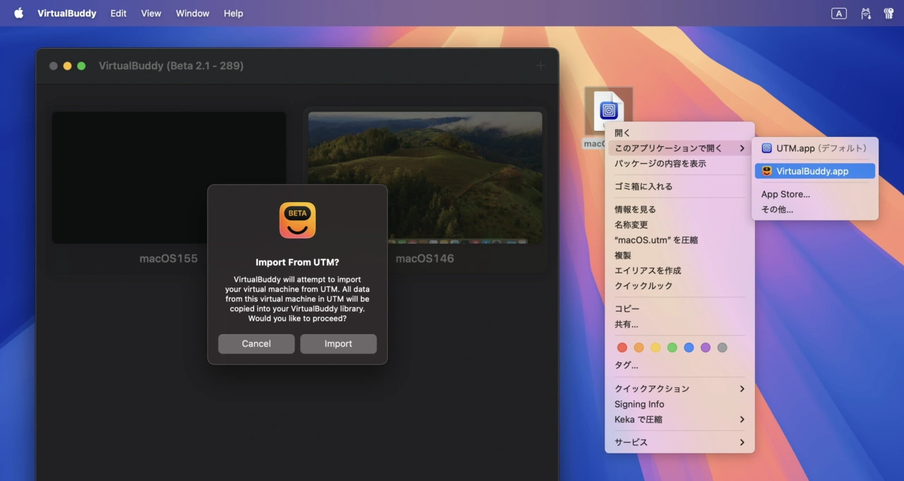 また、現在Beta 1が公開されている「VirtualBuddy v2.1」では、QEMUによるエミュレーションとAVFによる仮想マシン作成に対応したオープンソースの仮想化ソフトウェア「UTM」で作成したmacOS仮想マシンのインポートにも対応しているので、仮想マシンを整理したい方は試してみてください。
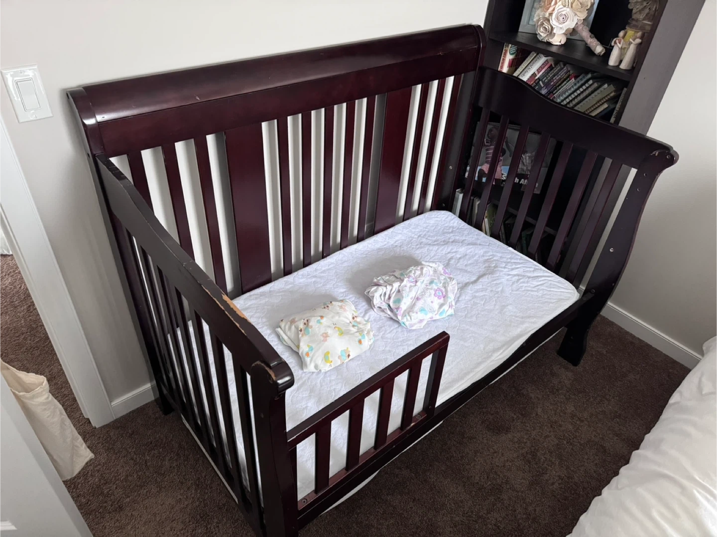 Selling a convertible baby crib in a dark wood finish. It has some signs of use, as shown in the pictures, but is still in good working condition. Perfect for a nursery or for those aunties/uncles/grandparents who love having their littles over for a sleepover! Comes with mattress, mattress cover, and two fitted sheets. Can be used as a daybed (shown in picture) or an adjustable height crib. Pick up Northwest Calgary
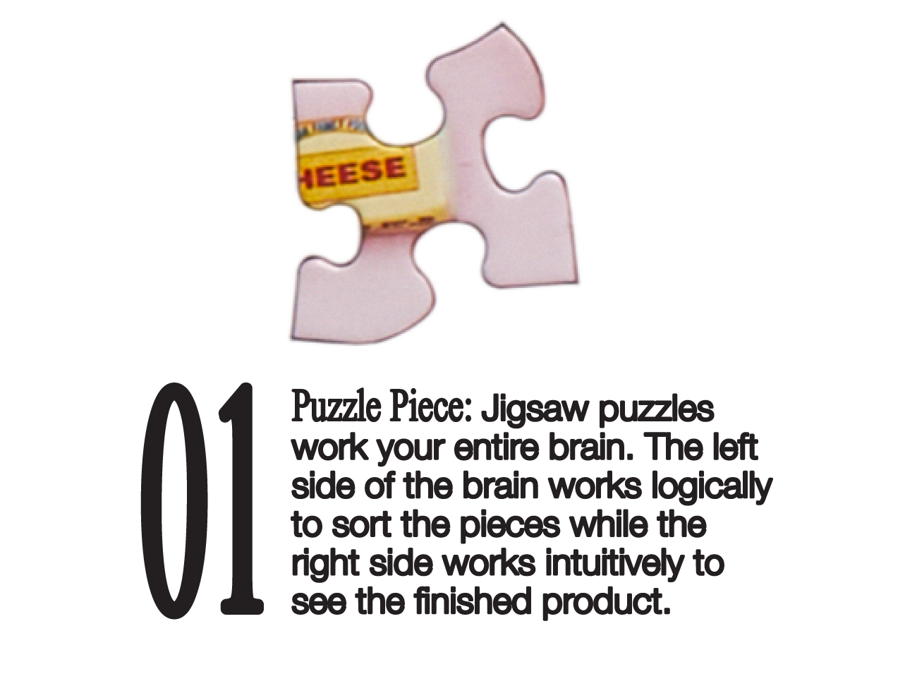 Our puzzle die lines are exclusive to Le Puzz and are random cut meaning every piece is different than the next! Detail above of the 1000 pc. die line to give you a sense of the kinds of pieces you might encounter. Our 1000 piece puzzles are extra large and not recommended for tiny tables!
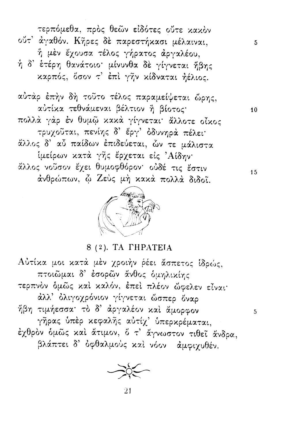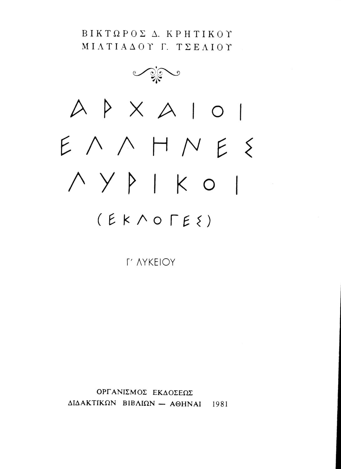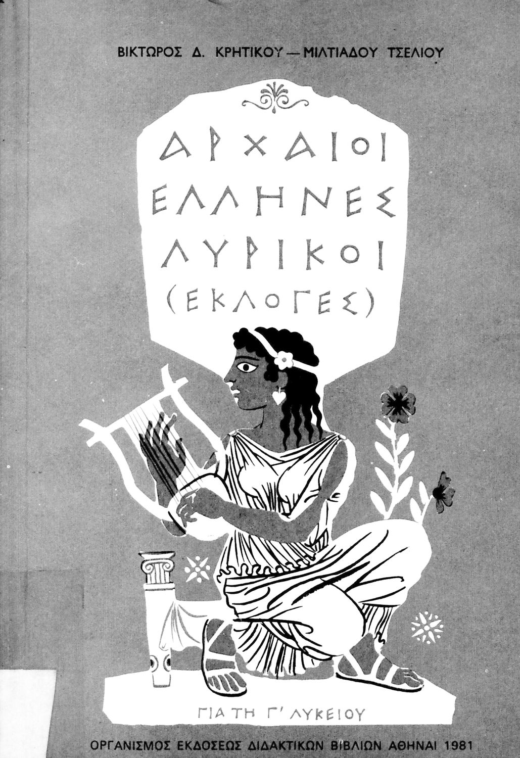 Σχολικό εγχειρίδιο Αρχαίων Ελληνικών Γ΄ Λυκείου που περιλαμβάνει εισαγωγή στη λυρική ποίηση, έργα αρχαίων Ελλήνων ποιητών, ερμηνευτικά και πραγματολογικά σχόλια, και λεξιλογικές παρατηρήσεις. Η εισαγωγή, τα σημειώματα και οι ερμηνευτικές σημειώσεις μεταγλωττίστηκαν από τον επ. Γεν. Επιθεωρητή Μ.Ε. Δορμπαράκη.
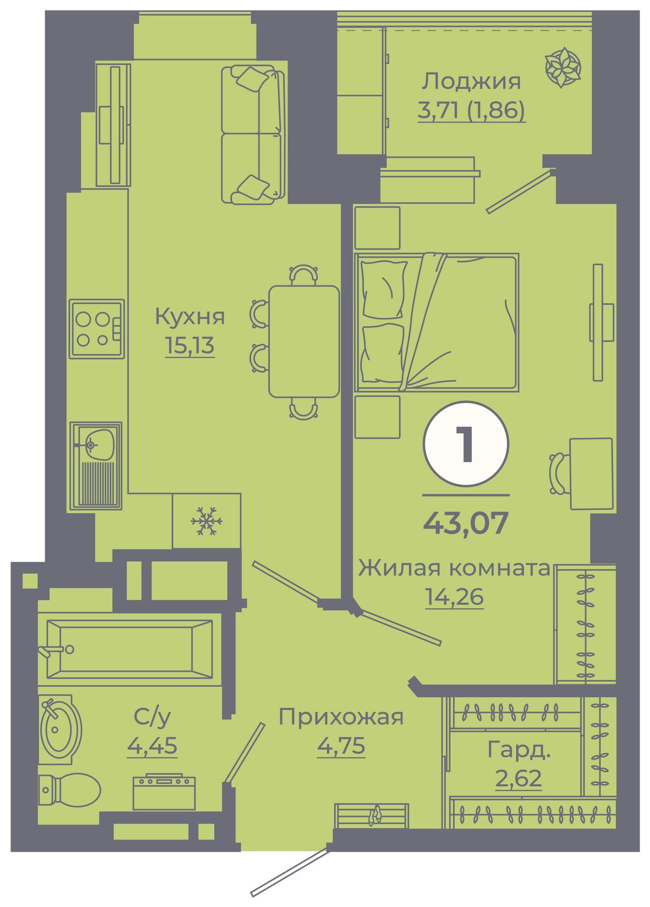 1-комнатная — 42,95 м² 17/24 эт. в Сокольники
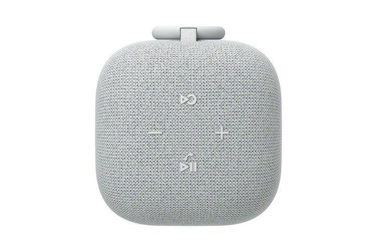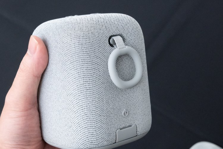 外装には部屋の調度になじませやすいファブリック素材を採用。IPX4等級の防滴性に加え、持ち運び用に着脱可能のリング型ストラップも備えている。外形寸法は約84W×110H×90Dmm、質量は約520g。
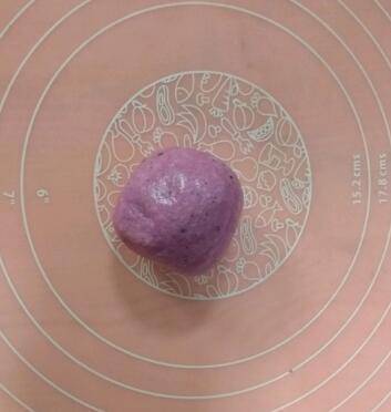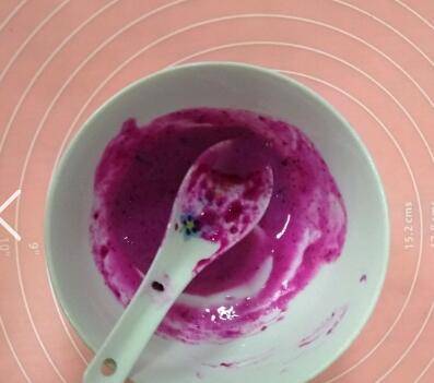 搅拌果泥倒入奶粉中,和成团。
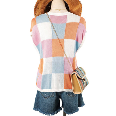 Color Block Cap Sleeve Sweater Vest Top P3014
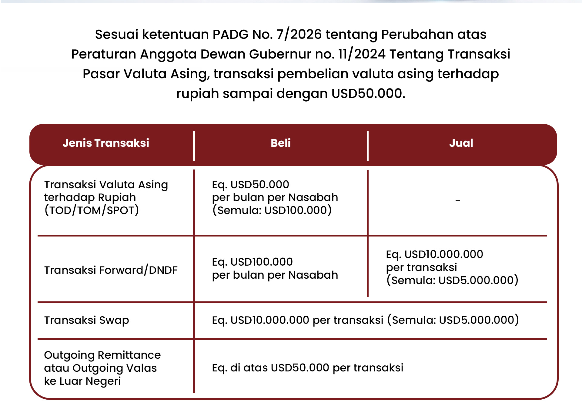 Informasi Penyesuaian Threshold Transaksi Valuta Asing (Valas)
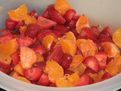 1. Toss everything but the sugar. Taste the strawberries. If they need sugar, sprinkle it over the fruit salad and toss again. Serve immediately or chill. If you decided to use the sugar, your fruit salad will taste even better after a day in the fridge, because the fruit will have released some of its juice. Some people would prefer to avoid this; it’s a matter of taste.
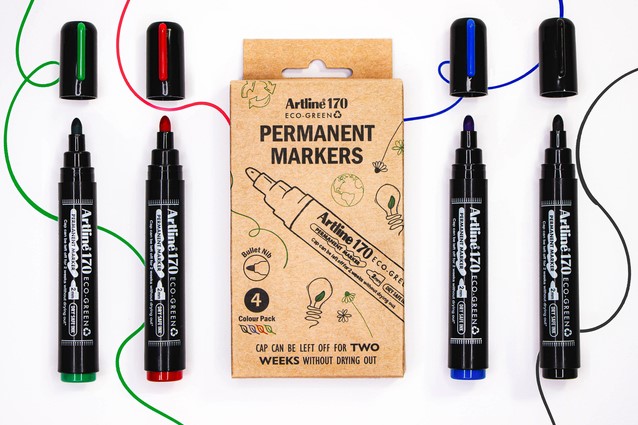 Stel een vraag over Permanent marker Artline 170 Dry Safe Eco rond medium ass 4 stuks
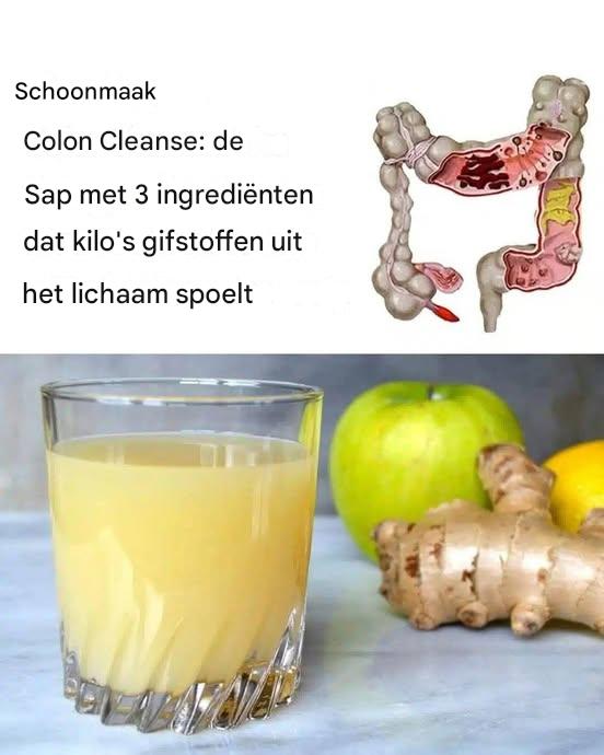 Heeft u last van een opgeblazen gevoel, indigestie of een zwaar gevoel? Dit zijn veelvoorkomende tekenen van overbelasting van de dikke darm. Een trage of verstopte dikke darm kan leiden tot vermoeidheid, spijsverteringsproblemen en andere gezondheidsproblemen. Gelukkig is er een eenvoudige en natuurlijke oplossing om uw lichaam te helpen zichzelf te reinigen: een detox sapje gemaakt van appels, gember en citroen. Deze drank helpt gifstoffen af te voeren en bevordert een soepele spijsvertering. Dit is hoe het werkt en hoe je het in je routine kunt opnemen.
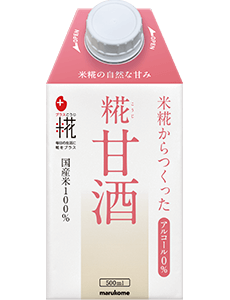 米と米糀のデンプンが糖化された自然な甘みの糀甘酒です。砂糖を使わない、アルコール0%の糀甘酒は、離乳後期の赤ちゃんをはじめ、妊娠中、授乳中の方も安心して飲むことができます。料理に使ったり、毎日飲む方にうれしい500mlの大容量タイプはキャップ付きで注ぎやすい容器です。
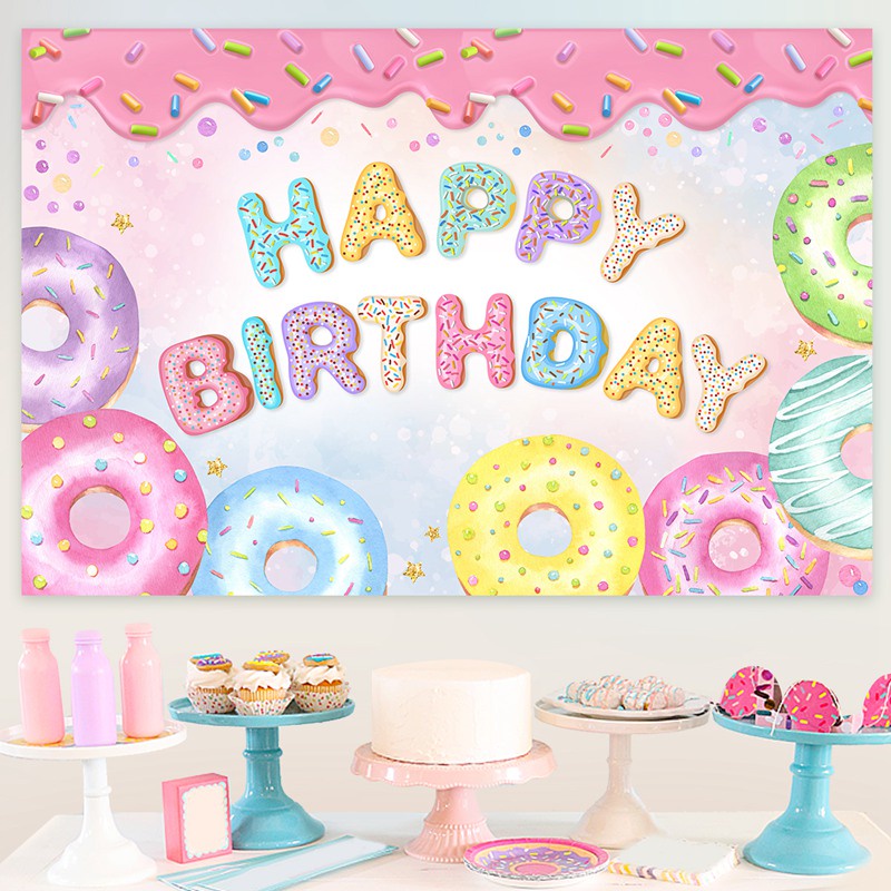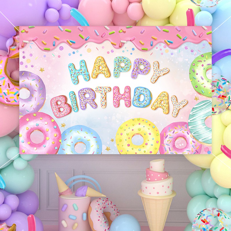 1*1.5M Donut Birthday Backdrop Doughnut Happy Birthday Banner For Girls Sweet Donut Theme Party Decorations Background Wall Cloth Backdrop For Birthday Photography Background
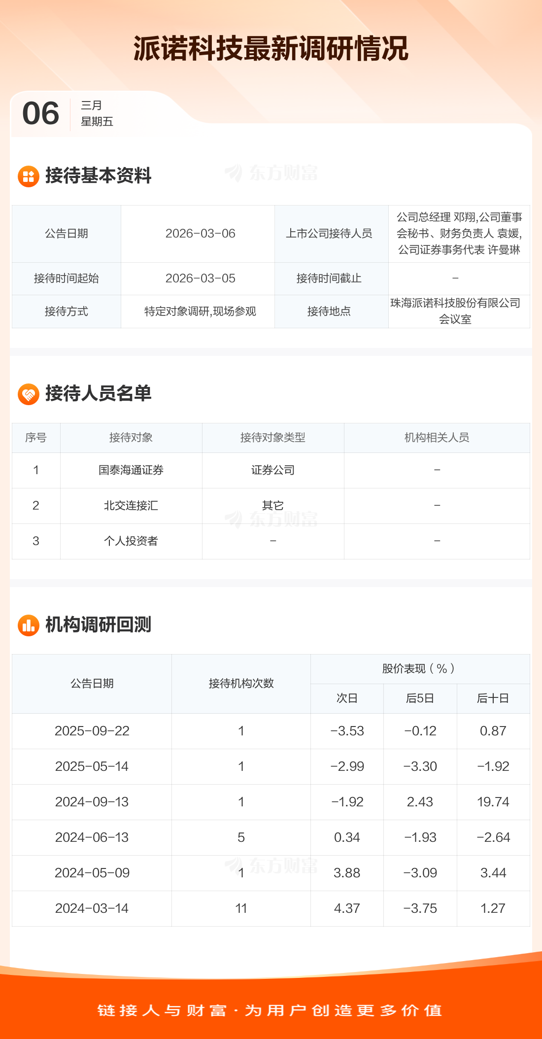 派诺科技3月6日公告称,3月5日接待国泰海通证券等3家机构调研。接待人员包括公司总经理 邓翔,公司董事会秘书、财务负责人 袁媛,公司证券事务代表 许曼琳。
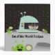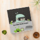 Very cute baking scene recipe cookbook binder with retro alien stand mixer whipping up something sweet for little green aliens on a moon background with craters. Smiling aliens have cookies and cupcake. Cute binder for general cooking or baking.
========
— Exercise description —
Please write out exactly, and only, the lines from the beginning of the entries through the line containing "Selling a convertible", including both and skipping all pictures.

— Solution to the exercise —
 また、現在Beta 1が公開されている「VirtualBuddy v2.1」では、QEMUによるエミュレーションとAVFによる仮想マシン作成に対応したオープンソースの仮想化ソフトウェア「UTM」で作成したmacOS仮想マシンのインポートにも対応しているので、仮想マシンを整理したい方は試してみてください。
 Selling a convertible baby crib in a dark wood finish. It has some signs of use, as shown in the pictures, but is still in good working condition. Perfect for a nursery or for those aunties/uncles/grandparents who love having their littles over for a sleepover! Comes with mattress, mattress cover, and two fitted sheets. Can be used as a daybed (shown in picture) or an adjustable height crib. Pick up Northwest Calgary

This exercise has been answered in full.